Digital nomads did not prepare for this

There are also visa issues. In years past, digital nomads crossed and re-crossed borders as needed to avoid staying too long. It’s not that easy in a closed-border pandemic.

In March, Ryan McCumber, a business consultant, was stranded in Portugal. He had traveled to Europe, and a comedy of errors and the sudden continent-wide lockdown left him stranded in a seaside town in the Algarve with just four days of clothes while his dog and the rest of his luggage stayed in Warsaw, a previous stop.

The pandemic has made its conference activity unsustainable. While in Portugal, he decided to create a start-up accelerator focused on sports technology. The biggest challenge, Mr McCumber said, wasn’t making his partners in the United States too jealous while he was taking calls from the beach.

Although an assailant assaulted him, leaving him with 15 stitches and a scar over his eye, he fell in love with the cheap sangrias from Portugal and the sea air, and in the beginning of the summer, when his airline finally offered him a return flight, he didn’t want to leave.
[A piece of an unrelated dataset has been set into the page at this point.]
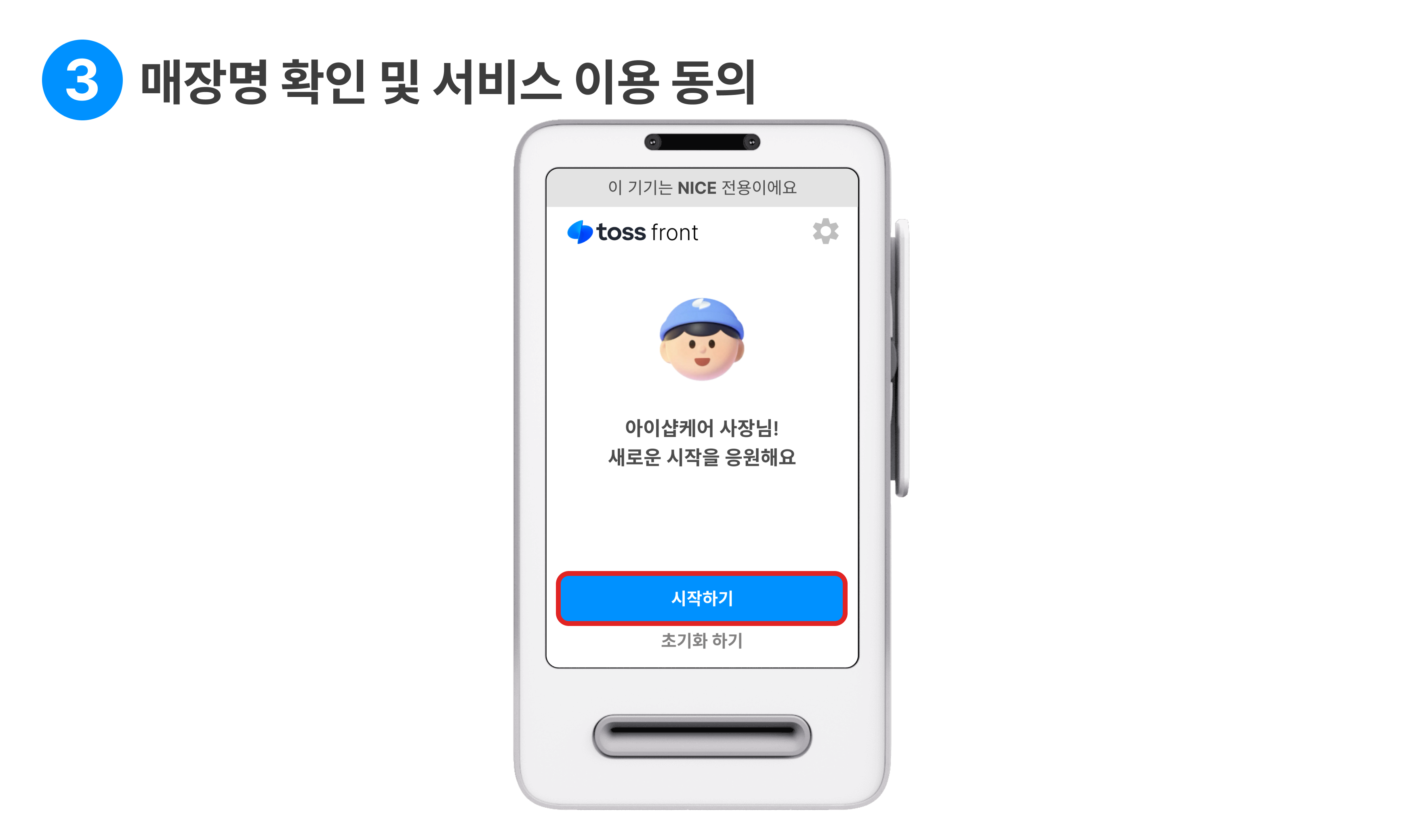 매장명이 맞는지 확인하고, 시작하기를 눌러주세요.

With his visa already expired, Mr McCumber went to the immigration office and applied for political asylum.

“I said, ‘Trump is a dictator, my city is on fire and people are dying,'” he said, quoting the president, protesting against police violence and the virus. “They joked that I was the first person since the Vietnam War from America to ask for this.”

Government workers laughed, he said, then approved an extension until the end of October. (Mr. McCumber has since returned to the United States.)

Others grapple with the same vacation fatigue experienced by Mr. Malka, the Cabo-London-maybe-Bali vagabond. According to research conducted at Radboud University in the Netherlands, it takes eight days of vacation for people to reach the peak of happiness. It’s downhill from there.